### WORK ITEM:
Your copy should begin with the line containing "Uzun kollu, bisiklet", end with the line containing "من الرومانسية والجمال.", match the listing below exactly, and contain no pictures.

### DATA SECTION:
===
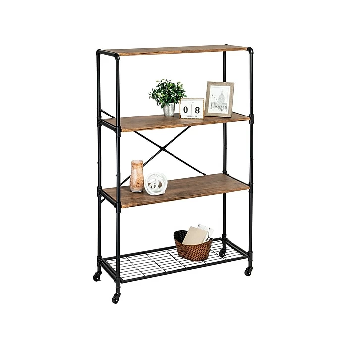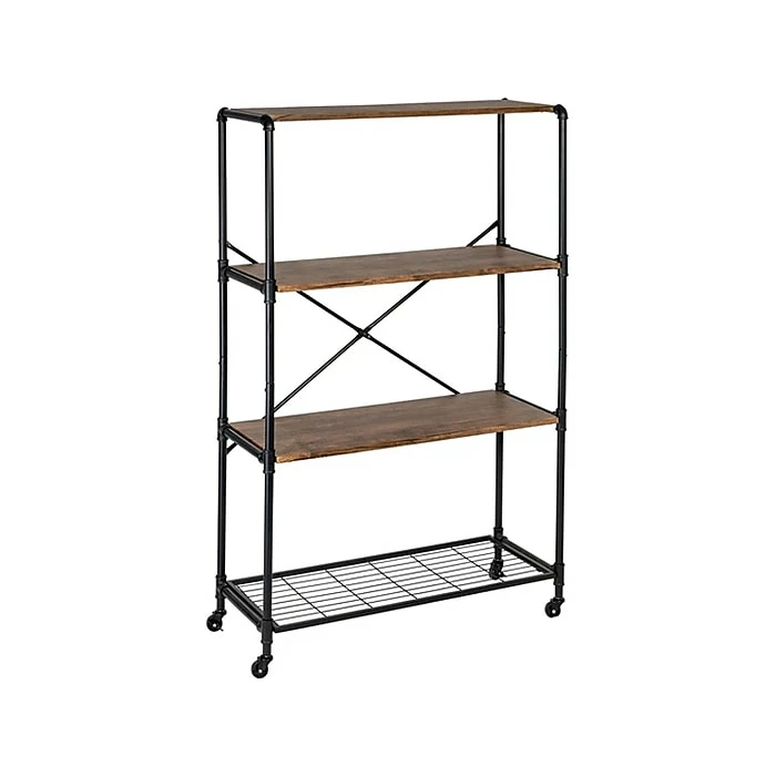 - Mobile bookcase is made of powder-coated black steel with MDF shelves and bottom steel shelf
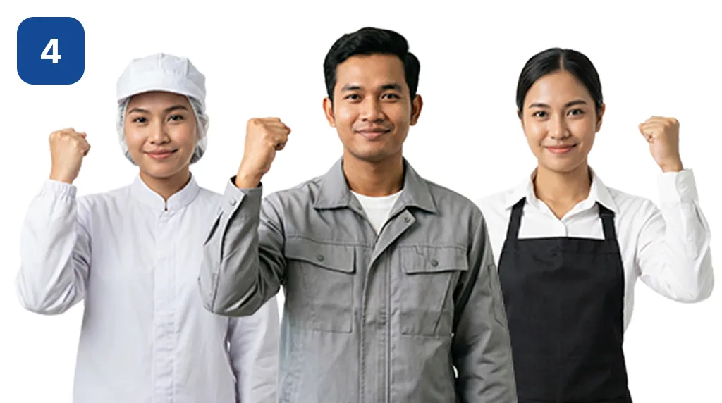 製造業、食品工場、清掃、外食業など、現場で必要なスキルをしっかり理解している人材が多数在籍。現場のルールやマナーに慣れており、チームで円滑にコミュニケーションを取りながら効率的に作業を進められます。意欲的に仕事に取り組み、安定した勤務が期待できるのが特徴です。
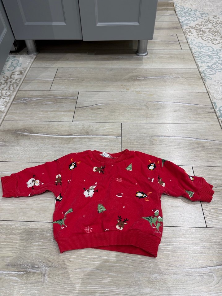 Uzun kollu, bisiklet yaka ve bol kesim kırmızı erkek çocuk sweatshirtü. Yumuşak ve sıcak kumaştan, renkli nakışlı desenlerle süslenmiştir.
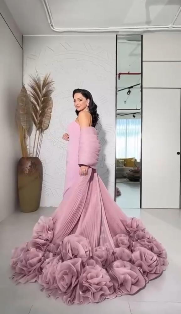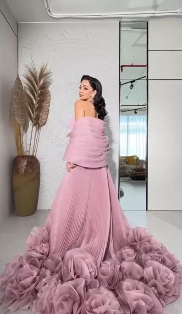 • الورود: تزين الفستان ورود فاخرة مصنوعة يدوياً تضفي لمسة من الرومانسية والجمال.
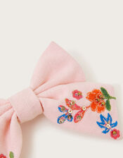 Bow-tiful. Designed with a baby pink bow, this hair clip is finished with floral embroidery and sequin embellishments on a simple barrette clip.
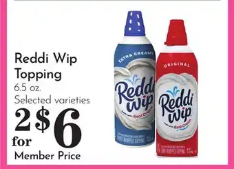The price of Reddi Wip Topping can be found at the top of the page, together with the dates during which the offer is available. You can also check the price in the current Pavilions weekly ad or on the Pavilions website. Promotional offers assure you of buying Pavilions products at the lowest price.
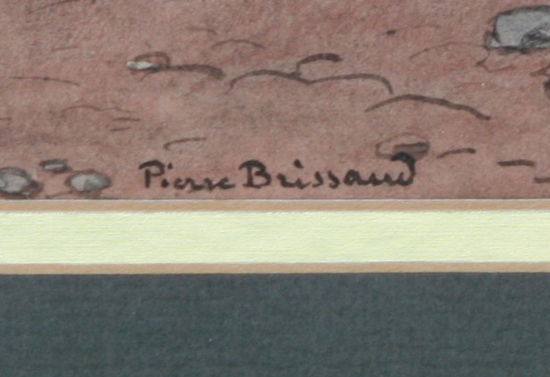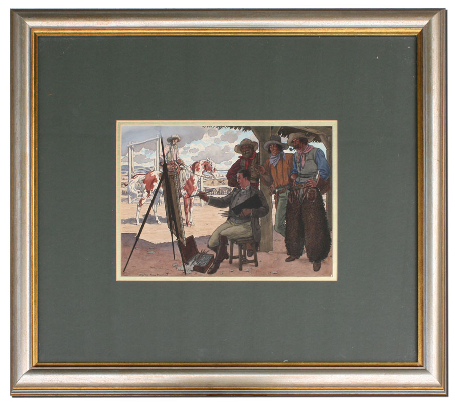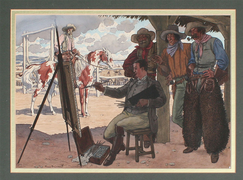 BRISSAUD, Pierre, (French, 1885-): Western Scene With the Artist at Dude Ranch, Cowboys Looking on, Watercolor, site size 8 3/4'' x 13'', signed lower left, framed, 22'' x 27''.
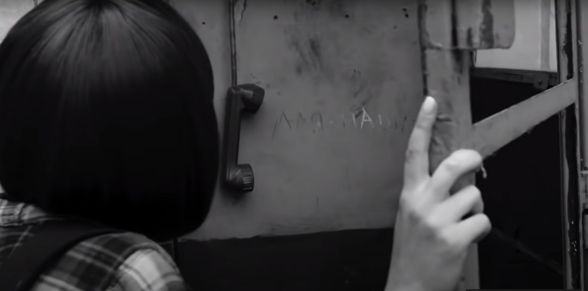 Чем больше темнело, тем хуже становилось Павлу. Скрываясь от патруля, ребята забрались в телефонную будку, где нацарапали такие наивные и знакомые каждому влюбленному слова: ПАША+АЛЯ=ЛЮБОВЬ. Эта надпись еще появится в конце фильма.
===
### RESULT FOR THIS TASK:
 Uzun kollu, bisiklet yaka ve bol kesim kırmızı erkek çocuk sweatshirtü. Yumuşak ve sıcak kumaştan, renkli nakışlı desenlerle süslenmiştir.
 • الورود: تزين الفستان ورود فاخرة مصنوعة يدوياً تضفي لمسة من الرومانسية والجمال.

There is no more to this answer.